**** Recorded data
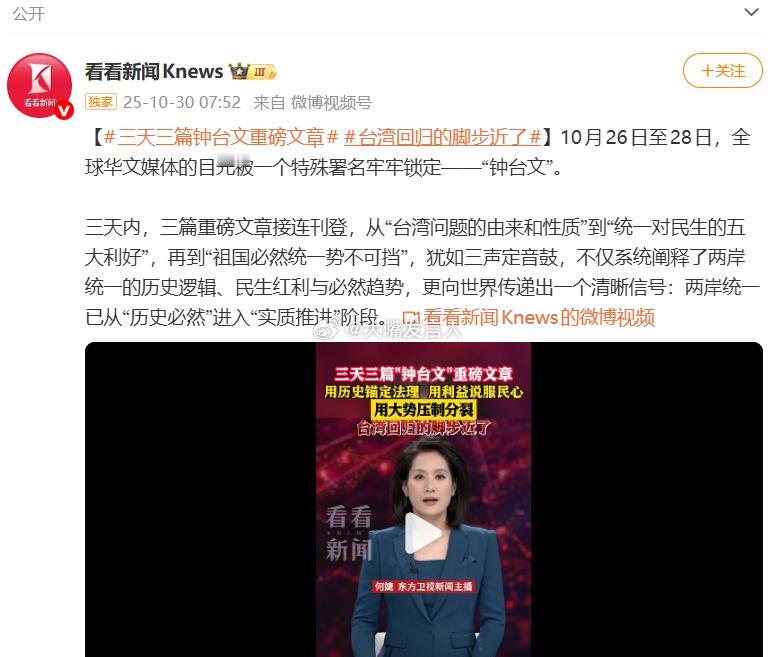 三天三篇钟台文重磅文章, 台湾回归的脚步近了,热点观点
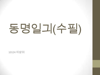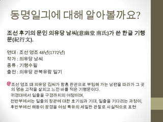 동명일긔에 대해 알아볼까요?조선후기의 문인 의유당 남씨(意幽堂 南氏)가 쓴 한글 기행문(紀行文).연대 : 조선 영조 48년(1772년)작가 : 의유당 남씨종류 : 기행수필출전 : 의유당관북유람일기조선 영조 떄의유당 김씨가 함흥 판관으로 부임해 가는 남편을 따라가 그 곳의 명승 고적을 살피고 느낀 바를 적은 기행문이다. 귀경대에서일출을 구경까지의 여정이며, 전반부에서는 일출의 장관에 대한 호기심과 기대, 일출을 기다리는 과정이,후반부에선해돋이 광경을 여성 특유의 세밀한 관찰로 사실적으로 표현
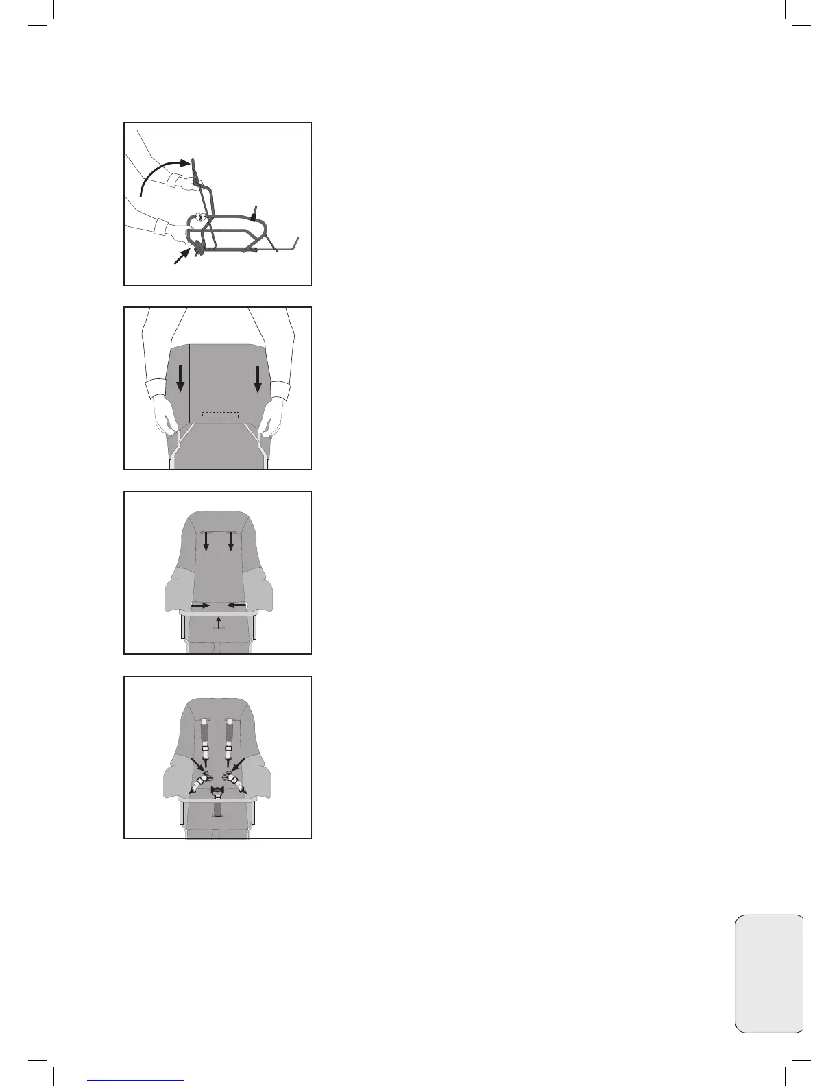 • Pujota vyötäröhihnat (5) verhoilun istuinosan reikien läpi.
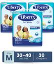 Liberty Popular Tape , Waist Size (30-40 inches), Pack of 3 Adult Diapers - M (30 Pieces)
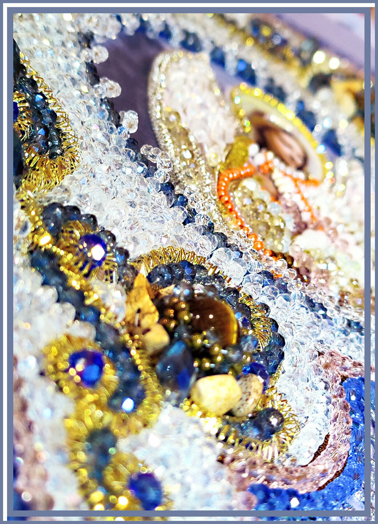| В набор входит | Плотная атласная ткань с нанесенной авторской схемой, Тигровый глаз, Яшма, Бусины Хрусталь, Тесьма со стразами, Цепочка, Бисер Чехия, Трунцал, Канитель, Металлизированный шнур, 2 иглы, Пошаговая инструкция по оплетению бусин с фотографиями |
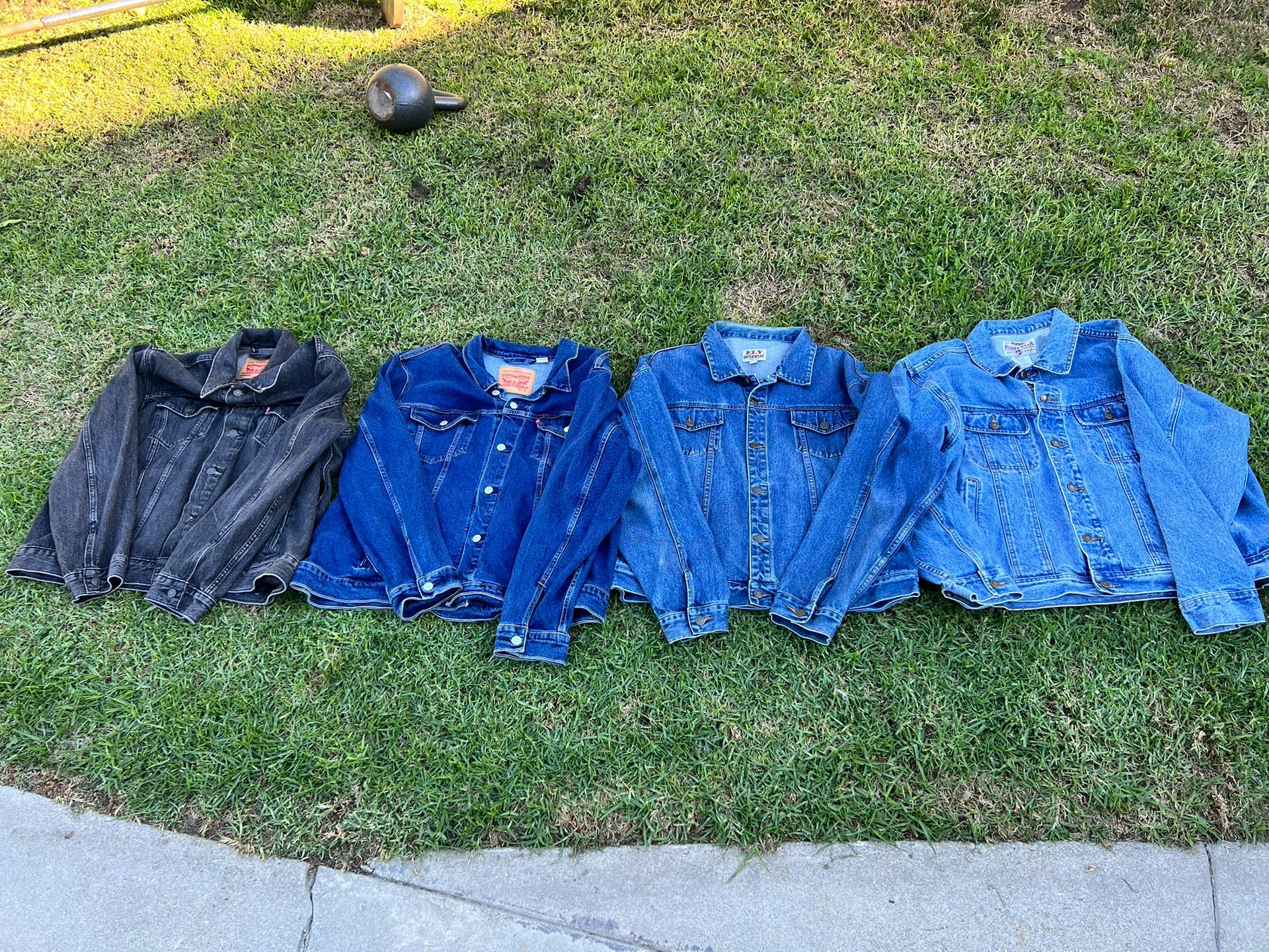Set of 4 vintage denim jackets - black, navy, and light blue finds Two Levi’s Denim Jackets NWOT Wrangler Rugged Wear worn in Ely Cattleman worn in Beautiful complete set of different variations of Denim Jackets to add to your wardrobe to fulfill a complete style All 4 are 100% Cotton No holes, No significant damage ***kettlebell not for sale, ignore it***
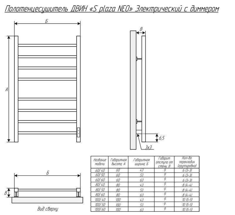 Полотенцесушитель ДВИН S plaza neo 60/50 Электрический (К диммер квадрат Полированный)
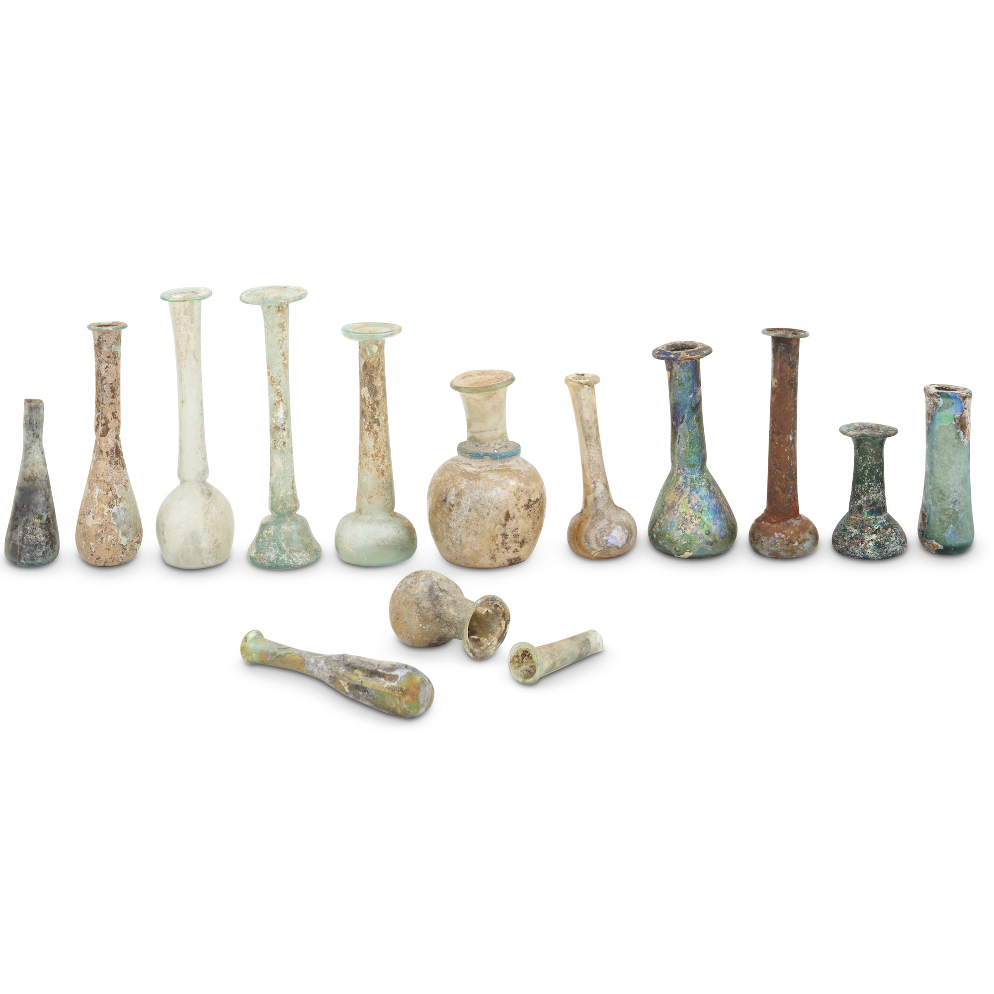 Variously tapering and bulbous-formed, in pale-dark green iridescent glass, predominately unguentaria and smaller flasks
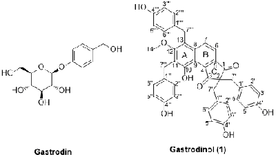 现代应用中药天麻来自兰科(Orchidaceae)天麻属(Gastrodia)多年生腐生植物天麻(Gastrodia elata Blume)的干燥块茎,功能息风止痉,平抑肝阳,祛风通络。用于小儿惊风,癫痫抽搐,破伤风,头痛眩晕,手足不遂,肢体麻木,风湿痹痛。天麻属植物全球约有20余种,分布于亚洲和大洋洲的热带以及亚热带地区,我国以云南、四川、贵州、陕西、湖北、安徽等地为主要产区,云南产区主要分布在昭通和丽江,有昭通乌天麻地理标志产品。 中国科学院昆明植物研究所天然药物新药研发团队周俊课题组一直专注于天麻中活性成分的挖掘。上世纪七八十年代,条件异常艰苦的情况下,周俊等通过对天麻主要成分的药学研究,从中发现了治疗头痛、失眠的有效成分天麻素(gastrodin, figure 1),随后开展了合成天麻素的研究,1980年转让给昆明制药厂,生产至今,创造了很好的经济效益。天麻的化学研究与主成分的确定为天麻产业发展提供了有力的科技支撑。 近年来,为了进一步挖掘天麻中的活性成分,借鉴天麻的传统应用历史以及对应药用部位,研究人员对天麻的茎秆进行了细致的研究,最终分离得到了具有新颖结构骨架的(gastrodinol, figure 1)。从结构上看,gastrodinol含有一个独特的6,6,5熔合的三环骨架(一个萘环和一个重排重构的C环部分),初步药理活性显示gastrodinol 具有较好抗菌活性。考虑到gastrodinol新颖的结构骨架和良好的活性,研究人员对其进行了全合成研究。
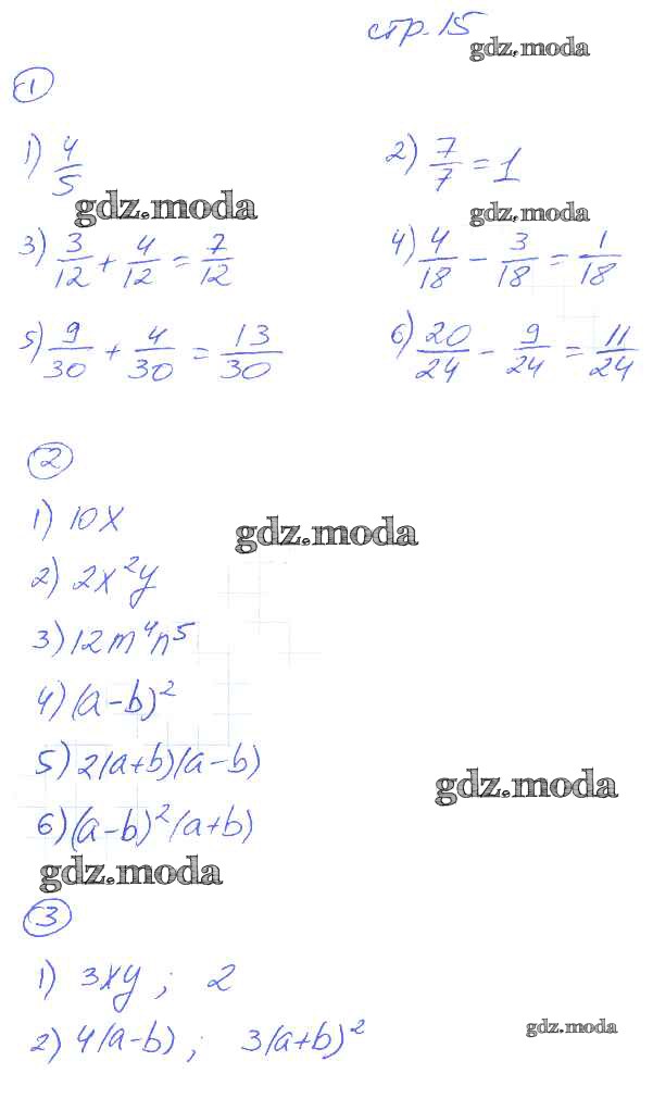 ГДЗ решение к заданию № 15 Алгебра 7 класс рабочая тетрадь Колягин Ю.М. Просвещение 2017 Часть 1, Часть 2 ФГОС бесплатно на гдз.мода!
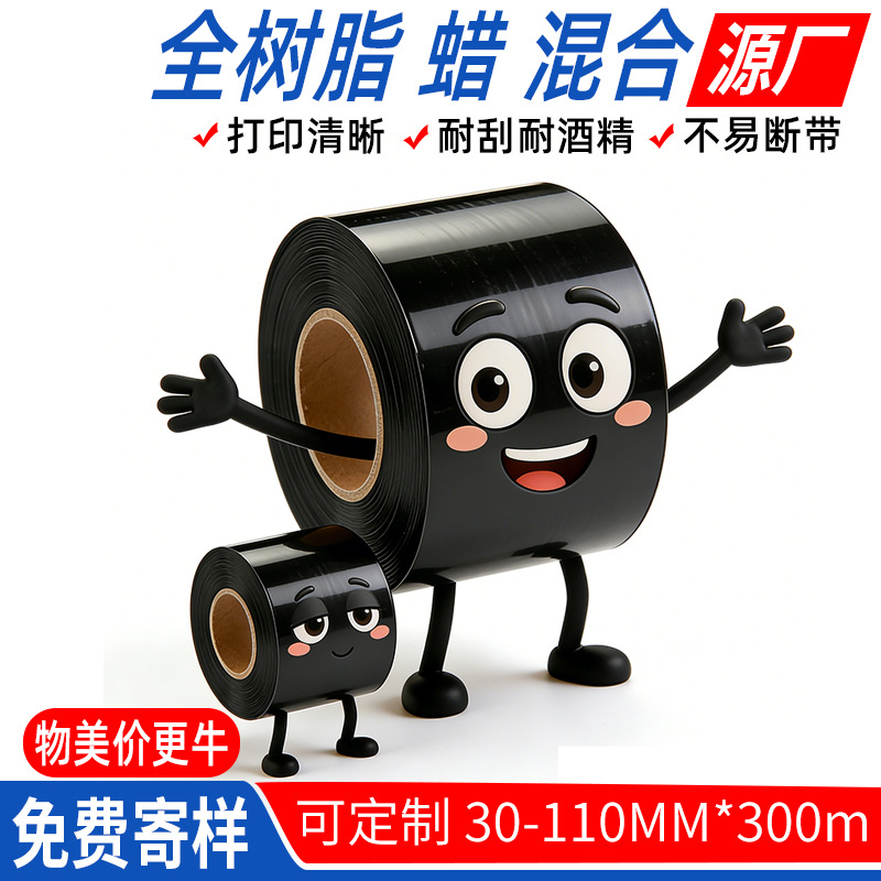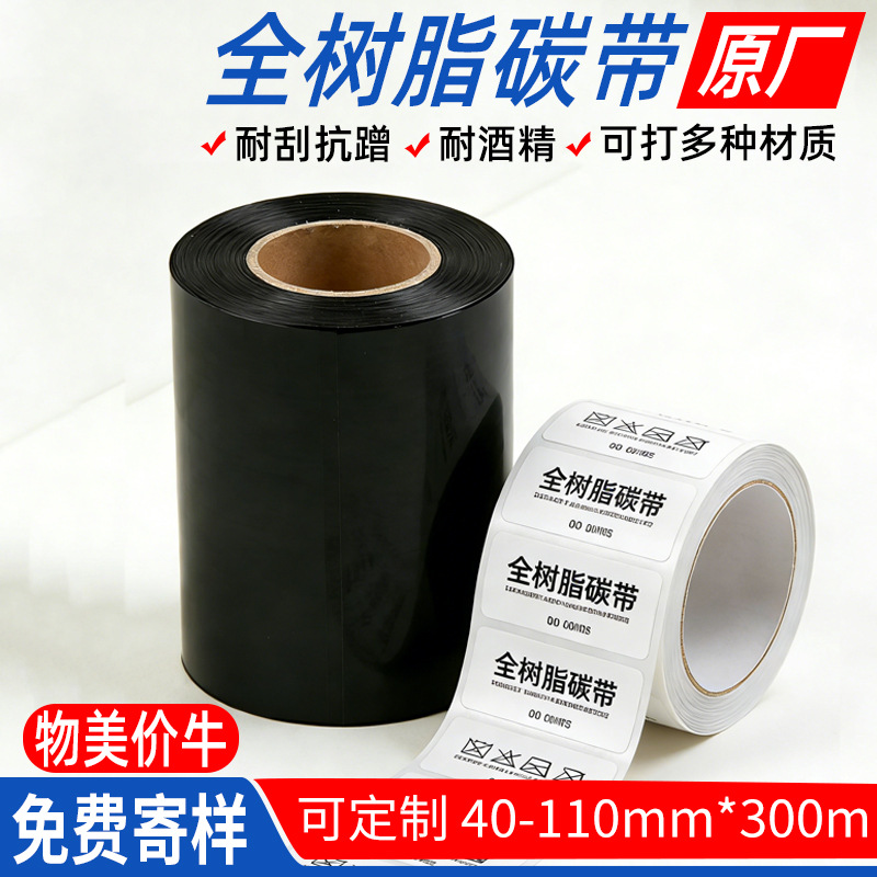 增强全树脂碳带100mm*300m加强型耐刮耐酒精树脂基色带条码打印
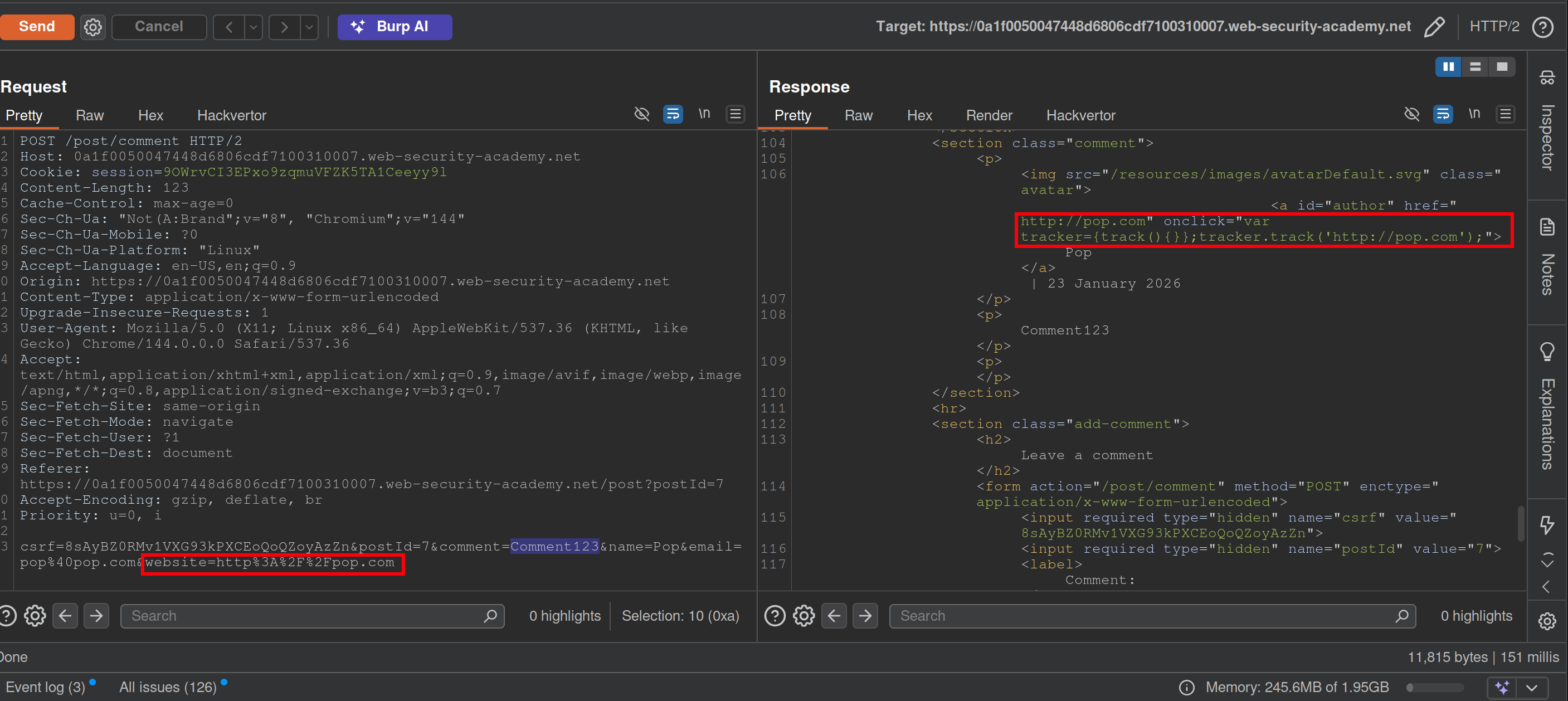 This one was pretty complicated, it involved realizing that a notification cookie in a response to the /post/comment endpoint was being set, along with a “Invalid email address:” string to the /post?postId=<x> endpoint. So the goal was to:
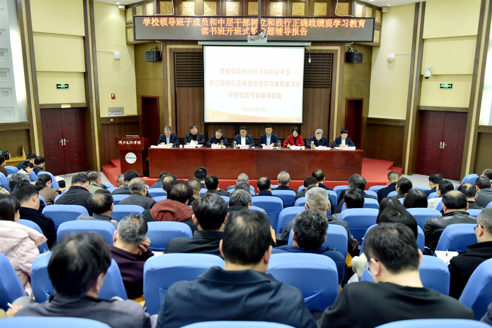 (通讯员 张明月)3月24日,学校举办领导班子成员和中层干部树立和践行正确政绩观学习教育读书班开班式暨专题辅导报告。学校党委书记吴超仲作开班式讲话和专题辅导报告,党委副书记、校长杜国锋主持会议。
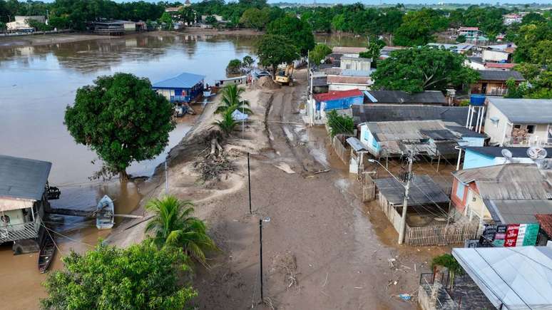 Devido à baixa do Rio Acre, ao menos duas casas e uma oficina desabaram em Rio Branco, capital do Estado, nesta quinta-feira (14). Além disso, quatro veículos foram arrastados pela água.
********
- **Activity**:
Transcribe every entry word for word, but skip the pictures.

- **Output of the exercise**:
 三天三篇钟台文重磅文章, 台湾回归的脚步近了,热点观点
 동명일긔에 대해 알아볼까요?조선후기의 문인 의유당 남씨(意幽堂 南氏)가 쓴 한글 기행문(紀行文).연대 : 조선 영조 48년(1772년)작가 : 의유당 남씨종류 : 기행수필출전 : 의유당관북유람일기조선 영조 떄의유당 김씨가 함흥 판관으로 부임해 가는 남편을 따라가 그 곳의 명승 고적을 살피고 느낀 바를 적은 기행문이다. 귀경대에서일출을 구경까지의 여정이며, 전반부에서는 일출의 장관에 대한 호기심과 기대, 일출을 기다리는 과정이,후반부에선해돋이 광경을 여성 특유의 세밀한 관찰로 사실적으로 표현
 • Pujota vyötäröhihnat (5) verhoilun istuinosan reikien läpi.
 Liberty Popular Tape , Waist Size (30-40 inches), Pack of 3 Adult Diapers - M (30 Pieces)
| В набор входит | Плотная атласная ткань с нанесенной авторской схемой, Тигровый глаз, Яшма, Бусины Хрусталь, Тесьма со стразами, Цепочка, Бисер Чехия, Трунцал, Канитель, Металлизированный шнур, 2 иглы, Пошаговая инструкция по оплетению бусин с фотографиями |
Set of 4 vintage denim jackets - black, navy, and light blue finds Two Levi’s Denim Jackets NWOT Wrangler Rugged Wear worn in Ely Cattleman worn in Beautiful complete set of different variations of Denim Jackets to add to your wardrobe to fulfill a complete style All 4 are 100% Cotton No holes, No significant damage ***kettlebell not for sale, ignore it***
 Полотенцесушитель ДВИН S plaza neo 60/50 Электрический (К диммер квадрат Полированный)
 Variously tapering and bulbous-formed, in pale-dark green iridescent glass, predominately unguentaria and smaller flasks
 现代应用中药天麻来自兰科(Orchidaceae)天麻属(Gastrodia)多年生腐生植物天麻(Gastrodia elata Blume)的干燥块茎,功能息风止痉,平抑肝阳,祛风通络。用于小儿惊风,癫痫抽搐,破伤风,头痛眩晕,手足不遂,肢体麻木,风湿痹痛。天麻属植物全球约有20余种,分布于亚洲和大洋洲的热带以及亚热带地区,我国以云南、四川、贵州、陕西、湖北、安徽等地为主要产区,云南产区主要分布在昭通和丽江,有昭通乌天麻地理标志产品。 中国科学院昆明植物研究所天然药物新药研发团队周俊课题组一直专注于天麻中活性成分的挖掘。上世纪七八十年代,条件异常艰苦的情况下,周俊等通过对天麻主要成分的药学研究,从中发现了治疗头痛、失眠的有效成分天麻素(gastrodin, figure 1),随后开展了合成天麻素的研究,1980年转让给昆明制药厂,生产至今,创造了很好的经济效益。天麻的化学研究与主成分的确定为天麻产业发展提供了有力的科技支撑。 近年来,为了进一步挖掘天麻中的活性成分,借鉴天麻的传统应用历史以及对应药用部位,研究人员对天麻的茎秆进行了细致的研究,最终分离得到了具有新颖结构骨架的(gastrodinol, figure 1)。从结构上看,gastrodinol含有一个独特的6,6,5熔合的三环骨架(一个萘环和一个重排重构的C环部分),初步药理活性显示gastrodinol 具有较好抗菌活性。考虑到gastrodinol新颖的结构骨架和良好的活性,研究人员对其进行了全合成研究。
 ГДЗ решение к заданию № 15 Алгебра 7 класс рабочая тетрадь Колягин Ю.М. Просвещение 2017 Часть 1, Часть 2 ФГОС бесплатно на гдз.мода!
 增强全树脂碳带100mm*300m加强型耐刮耐酒精树脂基色带条码打印
 This one was pretty complicated, it involved realizing that a notification cookie in a response to the /post/comment endpoint was being set, along with a “Invalid email address:” string to the /post?postId=<x> endpoint. So the goal was to:
 (通讯员 张明月)3月24日,学校举办领导班子成员和中层干部树立和践行正确政绩观学习教育读书班开班式暨专题辅导报告。学校党委书记吴超仲作开班式讲话和专题辅导报告,党委副书记、校长杜国锋主持会议。
 Devido à baixa do Rio Acre, ao menos duas casas e uma oficina desabaram em Rio Branco, capital do Estado, nesta quinta-feira (14). Além disso, quatro veículos foram arrastados pela água.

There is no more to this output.